Ettienne Botha
- Born: 8 April 1979 Germiston, South Africa
- Died: 7 September 2005 (aged 27) Pretoria, South Africa
- Height: 179 cm (5 ft 10 in)
- Weight: 89 kg (196 lb)
- School: Hoërskool John Vorster

Rugby union career
- Position(s): Centre

Provincial / State sides
- Years: Team / Apps / (Points)
- Falcons /  / ()
- -: Blue Bulls /  / ()

Super Rugby
- Years: Team / Apps / (Points)
- 2002–05: Bulls / (30) / (65)

= Ettienne Botha =

South African rugby union player

Ettienne Botha (8 April 1979 – 7 September 2005) was a South African professional rugby union player.

==Biography==
Born in Germiston, Botha was a loose forward during his primary school years, before moving to centre in grade 10 at Hoërskool John Vorster, from where he earned SA Schools representative selection.
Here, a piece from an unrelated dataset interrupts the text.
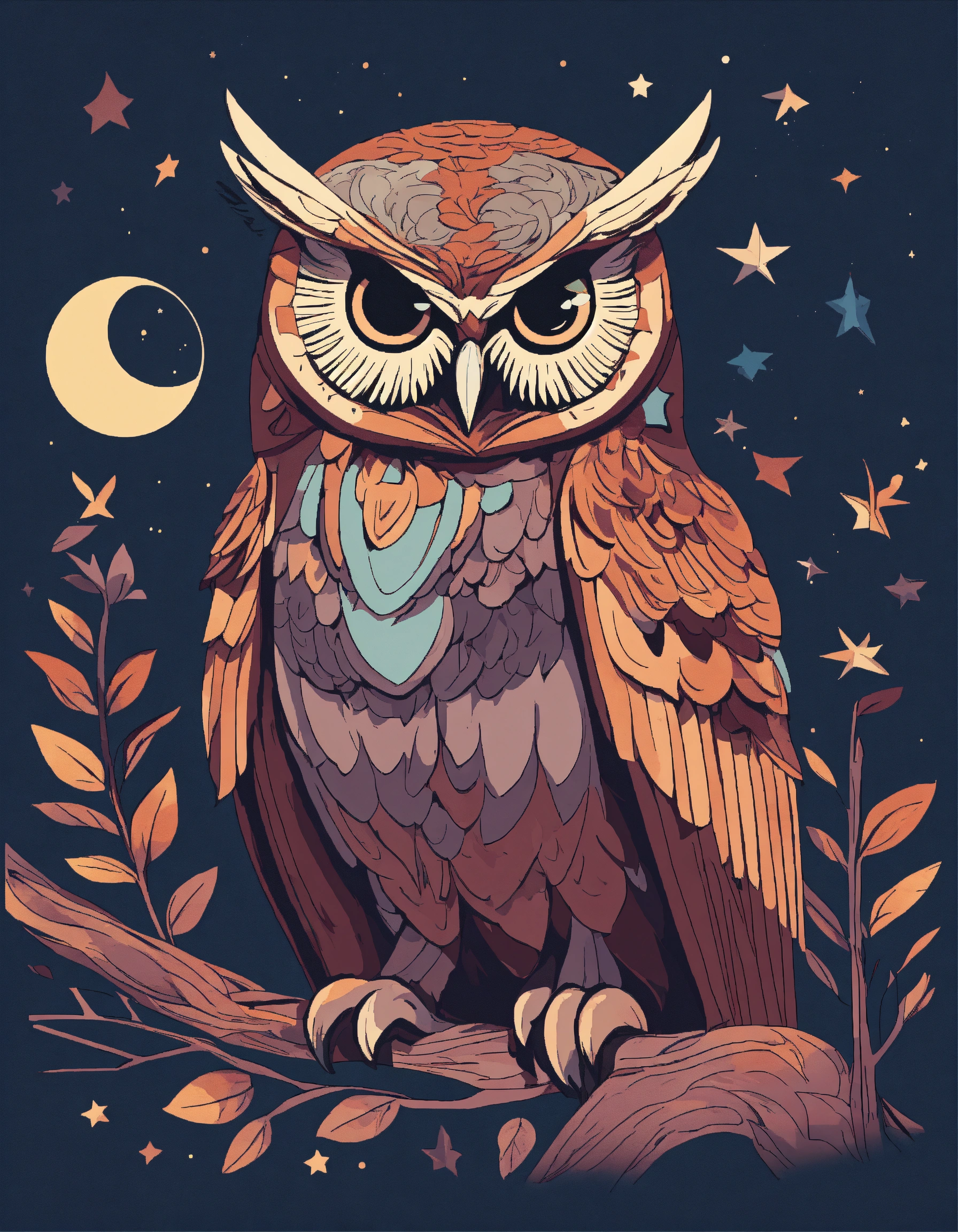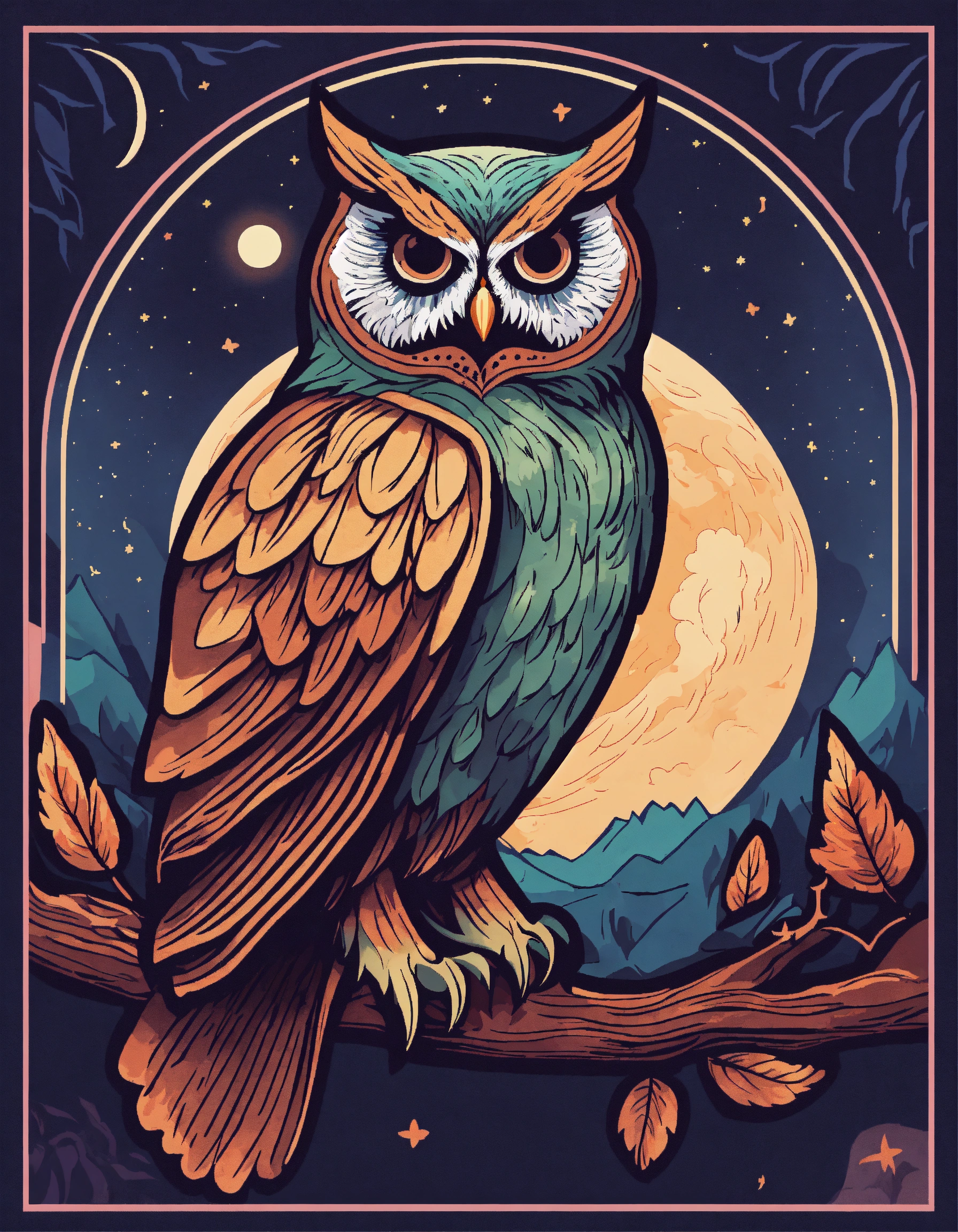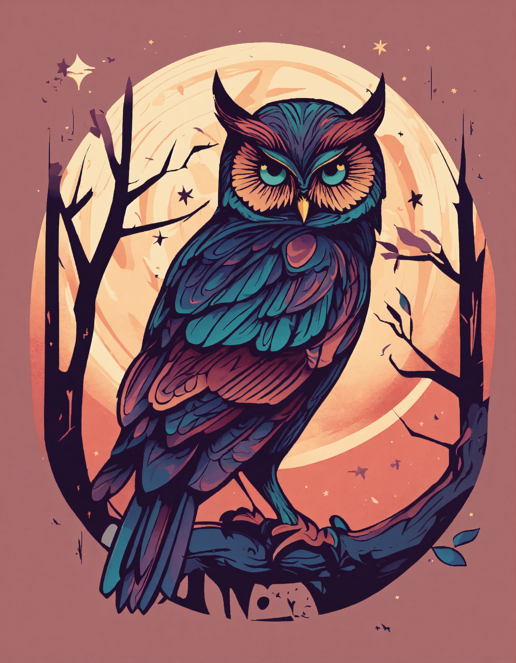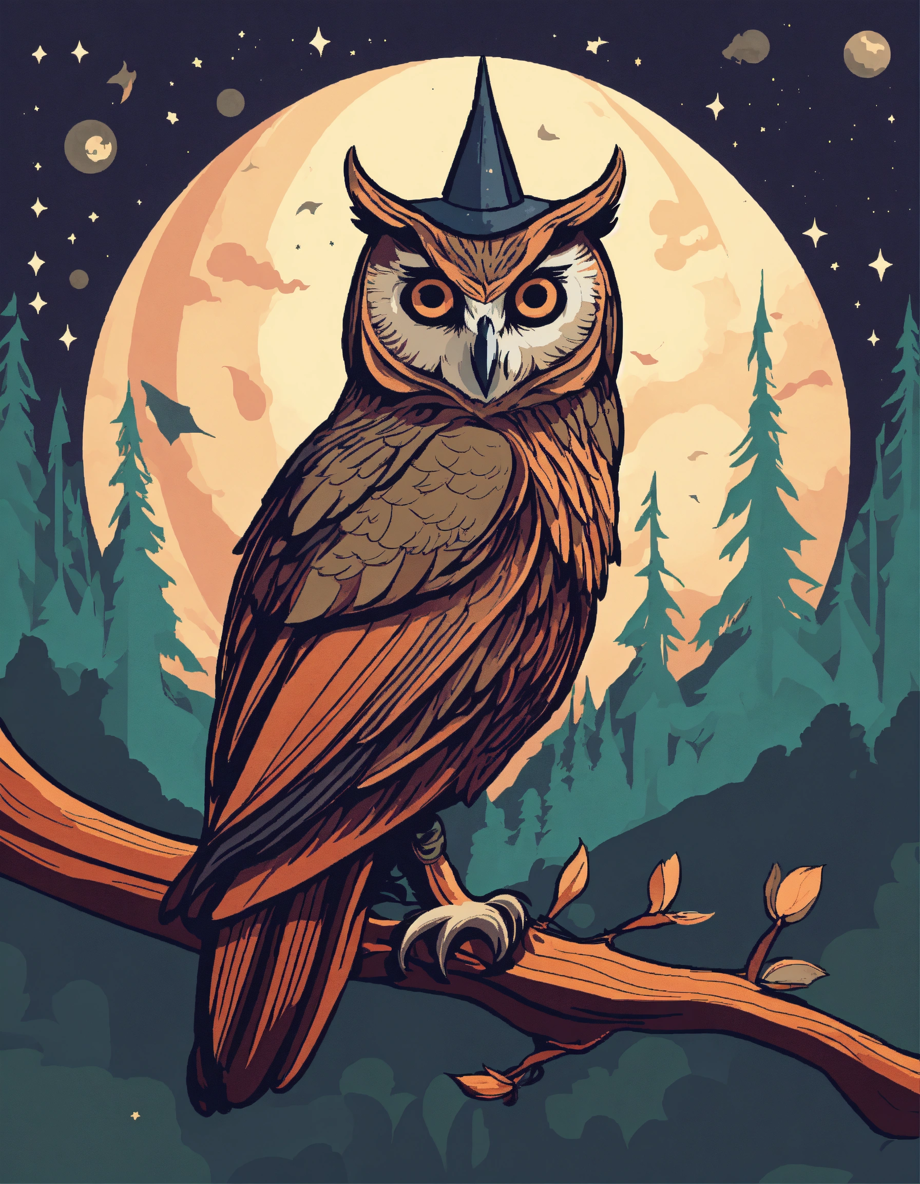Owl witch club illustration art, die-cut sticker, paper cut, muted colorful, magazine illustration, highly detailed, simple, smooth and clean vector curve, no jagged lines, vector art, moon behind owl, no backround

Botha proved to be a reliable Currie Cup try-scorer, playing initially with the Falcons, then the Blue Bulls from the 2002 season. He won three Currie Cup titles with the Blue Bulls and scored a competition high 18 tries in their successful 2004 campaign, including two in the final win over the Cheetahs. This earned him the team's "2004 player of the year" award and made him a serious contender for Springboks honours.

On the morning of 7 September 2005, Botha died at the scene of a car accident near the Botha Avenue offramp on the N1 in Pretoria. He had lost control of his Audi and struck a barrier, causing the vehicle to overturn.